Sunday, January 13, 2008

Stagecoach Century

Well... it's done. I've completed the first century of my regiment, so the 15 rides for cyclists rights is officially started. I wasn't really sure what to expect with this ride. I'd never done it before, I'd heard very limited feedback from other riders on the difficulty of it, and I had no idea what the weather was going to be like. The year before I heard it was wicked cold, so I prepared for that. Everything couldn't have come together better though, it was a pretty sweet ride...

I drove to San Diego Friday night and stayed with my friends Matt and Theresa. They graciously gave me a couch to sleep on and showed me a really, really good Mexican Restaurant. Theresa even woke up early and made pancakes. De-lish. I rolled out around 5:45 in the A.M. and headed east on the 8 freeway. If you've never driven the 8 from San Diego to El Centro I recommend you do. There is some beautiful country there.

This ride was unlike anything I'd experienced before. When I left San Diego at 5:45 it was very cold. When I got to Ocotillo it was debatable as to whether I needed my arm and knee warmers. I checked in, hit the port-o-john and rolled out. I haven't spent a lot of time in the Desert and I was Awestruck. there were times when I was looking around thinking "I've got to take a picture of this" but I didn't. I didn't take enough pictures the whole ride since I was busy hauling ass the whole time. About half way between SAG 1 and SAG 2 I caught up with a couple guys from Banning's Bikes in Fullerton, Chris and Bob. It turned into an all out interval work out between Chris and I as we paced each other at 20-25 mph to SAG 2. We traded pleasantries at SAG 2, discussed a couple things about bikes and agreed to slow the pace for the rest of the ride. I had heard there was no real climbing on this route, that it was mostly just a false flat for 50 miles and then you turned around and it was downhill for the last 50...usually with a sweet tailwind. That wasn't really the case. There were a couple climbs, and some steep grades here and there, as much as 13% in places. Of Course those climbs turned in to descents, which was sweet.

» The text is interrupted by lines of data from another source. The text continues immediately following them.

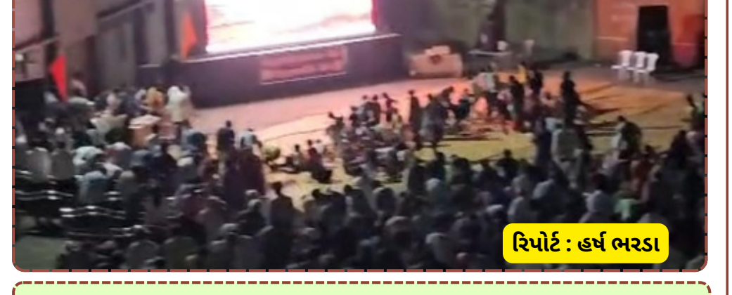
રિપોર્ટ : હર્ષ ભરડા

જનમેદનીએ રાષ્ટ્રપ્રેમ, એકતા અને ભારતીય સંસ્કૃતિના મૂલ્યોને મજબૂત બનાવવાનો સામૂહિક સંકલ્પ લીધો હતો. આવા કાર્યક્રમો સમાજમાં નવી ચેતના અને દેશભક્તિની જ્યોત પ્રગટાવતા રહેશે તેવી આશા વ્યક્ત કરવામાં આવી હતી.
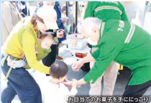
お目当てのお菓子を手ににっこり
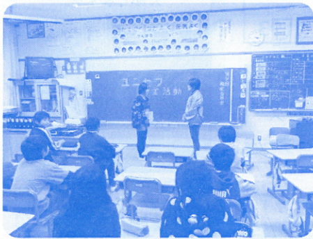
海津市立石津小学校
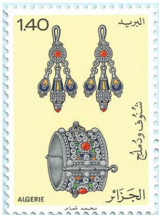
צמיד יד מצפון אפריקה

תכשיט הוא פריט דקורטיבי קטן אותו עונד האדם לצורך קישוט, כגון סיכות, טבעות, שרשרות, עגילים וצמידים. חלק מהתכשיטים מוצמדים לגוף האדם וחלקם לבגדים אותם הוא לובש.
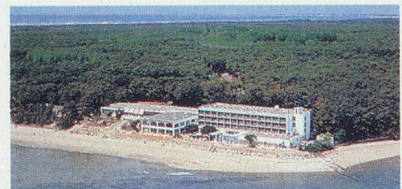
THALASSA OLERON - NOVOTEL Entre mer et forêt, au coeur d'un milieu naturel exceptionnel
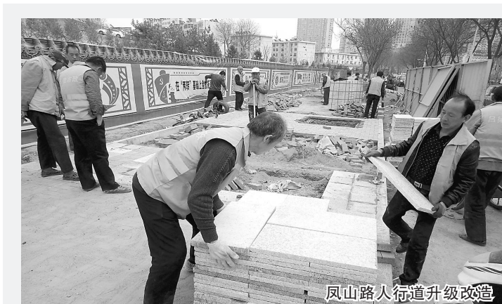
凤山路人行道升级改造
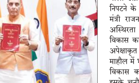
वैश्विक चुनौतियों के बीच शांति से आगे बढ़ रहा भारत

लखनऊ, 06 सितंबर (एजेंसियां)। भारतीय सेना के मध्य कमान मुख्यालय लखनऊ में हुए सैन्य कमांडरों के सम्मेलन में रक्षा मंत्री राजनाथ सिंह ने वैश्विक चुनौतियों का जिक्र करते हुए भारतीय सेना का आह्वान किया कि वह युद्ध के लिए तैयार रहे। राजनाथ ने कहा, भारत दुनिया का एकमात्र राष्ट्र है, जिसने वसुधैव कुटुम्बकम का संदेश दिया है और शांति की वकालत की है। भारत सदा से शांति का पुजारी था, है और रहेगा। लेकिन आज जैसी वैश्विक परिस्थितियाँ हैं उसमें सेना को युद्ध के लिए तैयार रहना होगा। इसका उद्देश्य यह है कि किसी भी सूरत में हमारी शांति भंग न होने पाए। रक्षा मंत्री राजनाथ सिंह गुरुवार को लखनऊ में सेना के कमांडरों के सम्मेलन को संबोधित कर रहे थे। इस मौके पर उन्होंने रूस-यूक्रेन युद्ध और इजरायल हमास युद्ध का जिक्र करते हुए कहा कि सेना के अधिकारी इन घटनाओं का विश्लेषण करें और भविष्य में देश के सामने आने वाली समस्याओं का अनुमान लगाने

There were a number of humorous points (by points I mean riders) that gave us a laugh. The most laughed about was the guy on the Tri-bike in the Arrogant Bastard Jersey. Chris and I were rolling up to the turn around point, debating how far it was when we saw this guy turn around. He just gave up. literally right after that we crested the hill and BOOM, there was the turn around, not a half mile away. Chris and I definitely gave that guy a ton of shit... to ourselves of course. Another humorous point was Cologne guy. This guy smelled like he had spent the night in a bathtub full of stetson, despite participating in an activity that induces body odor. My personal favorite though was Mr. Headphones-in-the-middle-of-the-road-guy. When I train alone I wear headphones, especially if I'm just riding in Griffith Park, but along with that comes greater responsibility, one of which is staying glued to the right, since you can't hear oncoming cyclists, or traffic. This guy was firmly out in the middle of the road, almost on the yellow divider line. Chris and I came up on him first during our interval. I yelled "Left" over and over again, and was forced to slow WAY down, then cross the yellow to get around him and his group. Real nice dude, real nice.

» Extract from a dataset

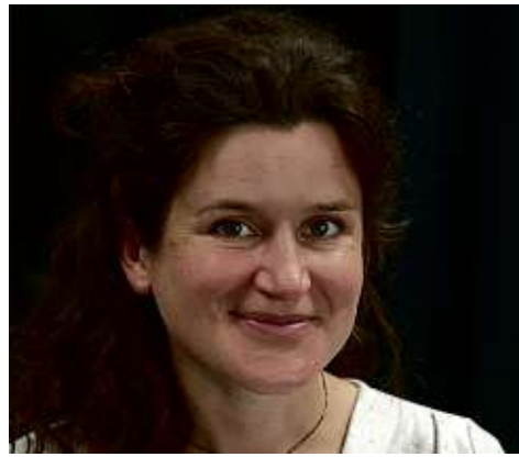
E. Scadsky / Sipa
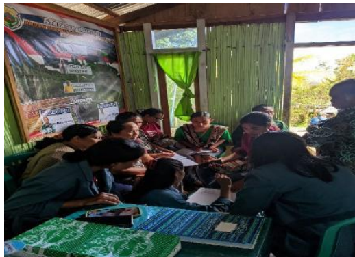
Gambar 4. Kartu Komitmen

Hasil observasi selama sesi menunjukkan antusiasme yang tinggi ketika peserta berdiskusi mengenai pos pengeluaran konkret, seperti biaya sekolah, konsumsi harian, dan kebutuhan upacara adat. Beberapa peserta menyadari bahwa pengeluaran yang selama ini dianggap “kecil” ternyata cukup signifikan jika dijumlahkan dalam satu tahun. Dalam uji lisan acak terhadap 5 peserta, seluruh peserta (100,00%) mampu menjelaskan pentingnya dana darurat, 80,00% mampu menjelaskan perlunya menunda konsumsi non-prioritas, 40,00% mampu menyebut sedikitnya tiga pos kas musiman, dan 80,00% mampu menjelaskan hubungan antara panen, paceklik, dan perencanaan kas. Temuan ini menunjukkan bahwa peserta mulai memahami pengelolaan arus kas musiman sebagai strategi bertahan pada periode tanpa pemasukan. Selain melalui uji lisan, orientasi perubahan perilaku peserta juga didokumentasikan melalui kartu komitmen mikro. Dokumentasi komitmen peserta tentang pengelolaan arus kas musiman ditampilkan pada Gambar 4.

The turn around, lunch, and the first part of the ride back was fairly uneventful. However after the last big descent we caught a group of guys who were ready to hammer, and since that famous tailwind we were supposed to get was actually a pretty burly headwind, these guys were a welcome addition. We paced down the road to the last climb at about 23-30 miles an hour. We'd chat about riding and how great it was to not race, but just to ride and have fun. Bob, the guy who was something like 7 ft. tall but only weight 150 seemed to become the Marshall of the group, I'm not sure why, probably because he was the tallest. The other guys in the group, who's names I either didn't get or forgot were awesome as well, especially the guy with the Beer Jersey. Beer Jerseys are the best. We stuck together through two SAG stops and everyone put in their work. I've honestly never been in a group that worked that well together, except 4/5 training rides. Everyone took their turn and it just worked really really well. At the end though Chris tried to ramp it up to 30 mph, I took a pull, Beer Jersey guy shot around Chris and I stayed on his wheel. I managed to get away for a sprint finish, despite it not being a race. Chris would have handed my ass to me on the sprint, but he had just come off the front, and I had been planted firmly at the back of the group for a minute or two. It was a fun ride all the way around, from start to finish. Great people, great riding, great country.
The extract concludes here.